The organosiloxanes produced by this process described can be used in a wide variety of ways, and for each special case the physical properties of the products can be varied by precise selection of the starting materials to achieve the desired O: Si ratio and a suitable number of those bonded to the silicon atom Achieve radicals. Products which remain liquid even at higher temperatures and are not very suitable or not at all suitable for further polymerization have an O: Si ratio between 0.5 and 1 and contain only low alkyl radicals. Such substances have good electrical properties and are used as fillers for transformers, short circuit switches, underwater cables, capacitors and the like.

In general, these substances have an unusually high viscosity-temperature insensitivity and can therefore be used in hydraulic presses that are subject to strong temperature fluctuations are, find use or as a lubricant for systems with moving Parts that work at temperatures below or above normal.

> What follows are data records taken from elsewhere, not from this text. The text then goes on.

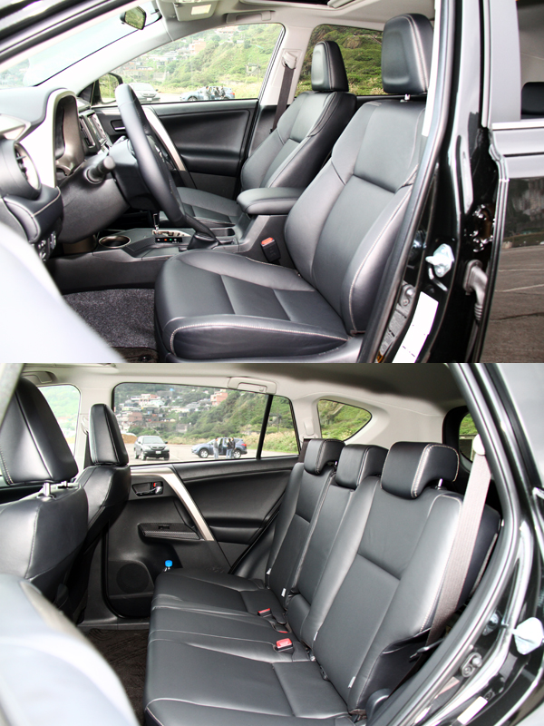 此外,全新RAV4在維持車身尺碼與前代車型相當下,重新安排座艙配置,以提供更優渥的車內空間,其中將前座座椅椅背薄型化,使後座乘客膝部空間增加 了41mm,同時,後座椅背傾斜角度亦可做微調,後座乘客可以依照需求做調整,以達到最好的乘坐舒適性。
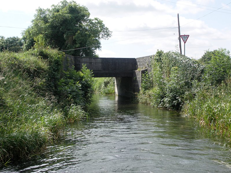 primitive weir into a tributary stream feeding the River Slate and eventually the River Barrow. Beyond here the flow became greater, which seemed to keep the quantity of weed down. The next bridge, Milltown, was a high stone affair, passed at
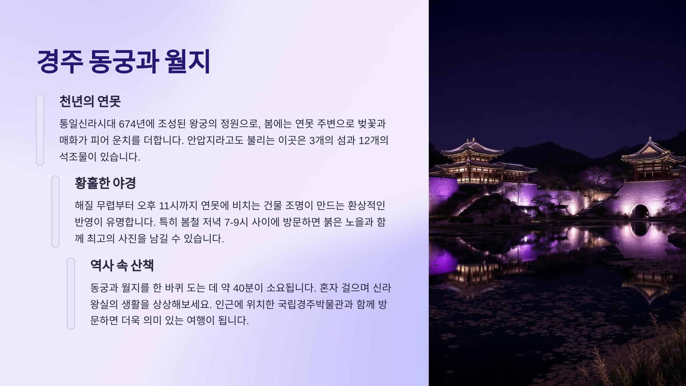 - 경주 동궁과 월지 - 야경이 아름다운 고즈넉한 연못
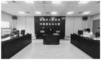 圖為7月23日,廣東省珠海市人民政府在市民中心行政復(fù)議聽(tīng)證室,就某機(jī)械租賃有限公司不服市自然資源局責(zé)令改正違法行為通知提起行政復(fù)議一案舉行聽(tīng)證會(huì)。 廣東省司法廳供圖

More viscous fabrics with an O: Si ratio that is at i or short above can also be used as lubricants and are special To be used as a damping agent for more sensitive instruments. Thermoplastic and thermosetting products, the O: Si ratio of which is generally above i is used as Kunstliarzpreßmassen, paints, varnishes, impregnation agents for electrical insulation and the like. They can also be incompletely condensed in solution Organo-siloxanes are used after evaporation of the solvent on site 'Lind place can be further polymerized. The more brittle products can be used as Embedding agents for capacitor plates and as synthetic resin molding compounds are used. Substances of this type have an O: Si ratio of 1.5 and above and can be used on Hardened in place by heat.

Claims (1)

PATENT CLAIM: Process for the production of organosiloxanes by hydrolysis of hydrolyzable silanes and condensation of the hydrolyzation products, characterized in that a mixture of hydrolyzable silanes is used which correspond to the general formula R Si X3 and R3 Si 1, with each individual R being either the radical methyl or phenyl and each individual X is a hydrolyzable atom or radical.